Preparation and photocatalytic activity of Ag/bamboo-type TiO2 nanotube composite electrodes for methylene blue degradation

Abstract

Photocatalysis phenomena in TiO2 have been intensively investigated for its potential application in environmental remediation. The present work reports improved photocatalytic degradation of methylene blue dye in aqueous solution by using bamboo-type TiO2 nanotubes deposited with Ag nanoparticles via electrochemical deposition. The photocatalytic processes are performed on Ag-modified TiO2 bamboo-type nanotube arrays, Ag-modified smooth-walled nanotube arrays, and bare smooth-walled nanotube arrays.
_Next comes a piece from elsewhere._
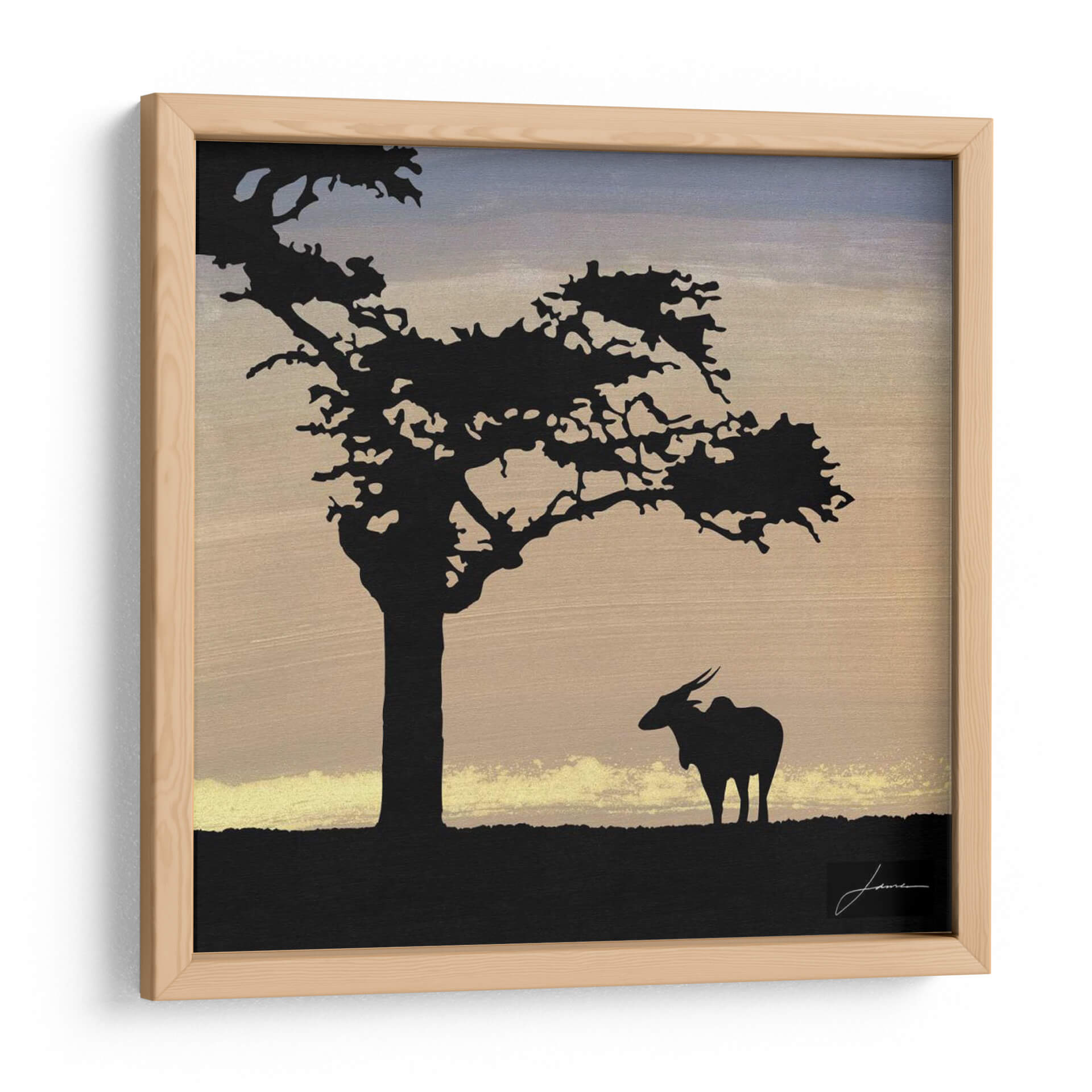 Sumérgete en la serenidad de la sabana africana con "Savanna II" de James Burghardt, un cuadro decorativo que captura la majestuosidad de la naturaleza en su forma más pura. Esta obra maestra presenta la silueta imponente de un árbol robusto y la figura solitaria de un antílope contra un cielo crepuscular de tonos cálidos y suaves. La paleta de colores, dominada por ocres, beiges y un toque de azul pálido en el horizonte, evoca una atmósfera de calma y tranquilidad, perfecta para crear un santuario de paz en tu hogar u oficina. El estilo minimalista y la composición estilizada, con el contraste dramático entre las siluetas oscuras y el fondo etéreo, generan un impacto visual memorable y sofisticado. "Savanna II" no es solo una pieza decorativa, es una invitación a la contemplación, un recordatorio de la belleza salvaje y la quietud de los paisajes africanos. Ideal para salones modernos, dormitorios acogedores o cualquier espacio que busque un toque de elegancia natural y serena. Añade este cuadro decorativo a tu colección y deja que su presencia evoque la grandeza y la paz del mundo natural en tu día a día.

Both Ag-modified bamboo-type and smooth-walled nanotube arrays show improved photocatalytic degradation efficiencies (64.4% and 52.6%) compared to smooth-walled TiO2 nanotubes of the same length (44.4%), due to the enhanced electron–hole seperation and more surface area provided by bamboo ridges. The photocatalytic activity and kinetic behavior of Ag-modified bamboo-type nanotube arrays are also optmized by tuning pulse deposition time of Ag nanoparticles. Bamboo-type nanotubes deposited with Ag nanoparticles via pulse deposition time of 0.5s/1.5s shows the highest methylene blue degradation efficiency of 78.5%, which represents 21.9% and 76.8% enhancement of efficiency compared to those of bare bamboo-type and smooth-walled nanotubes, respectively, indicating that a proper amount of Ag nanoparticles on TiO2 can maximize the photocatalytic processes. In addition, overly long pulse deposition time will not further increase photocatalytic activity due to agglomeration of Ag paticles. For example, when the pulse deposition time is increased to 2s/6s, Ag-modified bamboo-type nanotube array exhibits a lower photocatalytic degradation efficiency of 62.9%.